Baptist preacher John Leland (1754–1841) helped provide religious foundation for ideas espoused by Thomas Jefferson, James Madison, and other founders concerning the appropriate relationship between government and religion. Born on May 14, 1754, in Grafton, Massachusetts, Leland was an indefatigable preacher, purportedly delivering 8,000 sermons by his 80th birthday in 1834.

Leland is known not only for his fiery sermons and evangelical zeal, but also for his opposition to slavery and his advocacy of strict separation between government and religion. Leland preached freedom in all aspects of life, exhorting his listeners to be free from sin, to oppose slavery and free others from physical bondage, and to be free from the “spiritual tyranny” of state-established religion.
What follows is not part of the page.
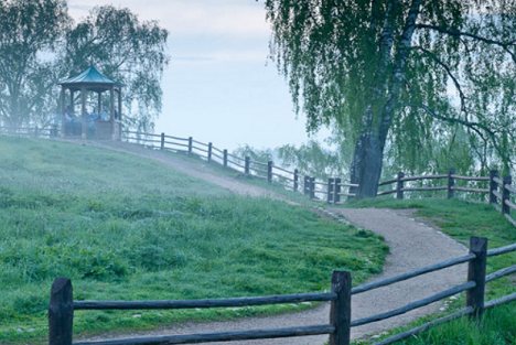 One of his most famous works, Over Eternal Peace, was painted on the mountain which is now called Levitan's Mount. The Voskreseniya Church (Resurrection Church) was moved here from the village of Bilyukovo, and built in 1700. It is very similar to the one painted by Levitan (Petropavlovskaya Church or St. Peter's and St. Paul's Church, which burnt down in 1903). There is also a monument to the painter showing Levitan at work.

Leland was a friend to both Jefferson and Madison; he and his fellow Baptists supported Jefferson’s initial bill to ensure religious liberty in Virginia, and later took up the cause when Madison reintroduced it some years later. Tensions arose between Madison and Leland over the introduction of similar protections in the federal constitution. Madison did not initially think that additional amendments were needed to protect religious liberty, while Leland and his Baptist followers sharply disagreed. In the aftermath of this split, Leland, who was then living in Virginia, had more votes than Madison for the Orange County seat at the Virginia Convention on ratifying the Constitution, despite the fact that Madison had drafted much of the Constitution. Eventually, Leland agreed to drop out of contest for the seat if Madison would work to include a religious liberty provision as an amendment to the Constitution. Madison then won out over his other opponents to attend the state ratifying convention. Leland’s ideas of separation were eventually included in the Connecticut, Massachusetts, and Virginia state constitutions.

In a July 4, 1802, sermon, Leland bluntly expounded his beliefs about separation of religion and government: “Never promote men who seek after a state-established religion; it is spiritual tyranny — the worst of despotism. It is turnpiking the way to heaven by human law, in order to establish ministerial gates to collect toll. It converts religion into a principle of state policy, and the gospel into merchandise. Heaven forbids the bans [sic] of marriage between church and state; their embraces therefore, must be unlawful.”

Leland had little patience for those who would use religion as an election issue. In the same Fourth of July sermon, Leland warned,“Guard against those men who make a great noise about religion, in choosing representatives. It is electioneering. If they knew the nature and worth of religion, they would not debauch it to such shameful purposes. If pure religion is the criterion to denominate candidates, those who make a noise about it must be rejected; for their wrangle about it, proves that they are void of it. Let honesty, talents and quick despatch, characterise the men of your choice.”

Leland died January 14, 1841, in Cheshire, Massachusetts. His tombstone proclaimed, “Here lies the body of John Leland, who labored 67 years to promote piety and vindicate the civil and religious rights of all men.”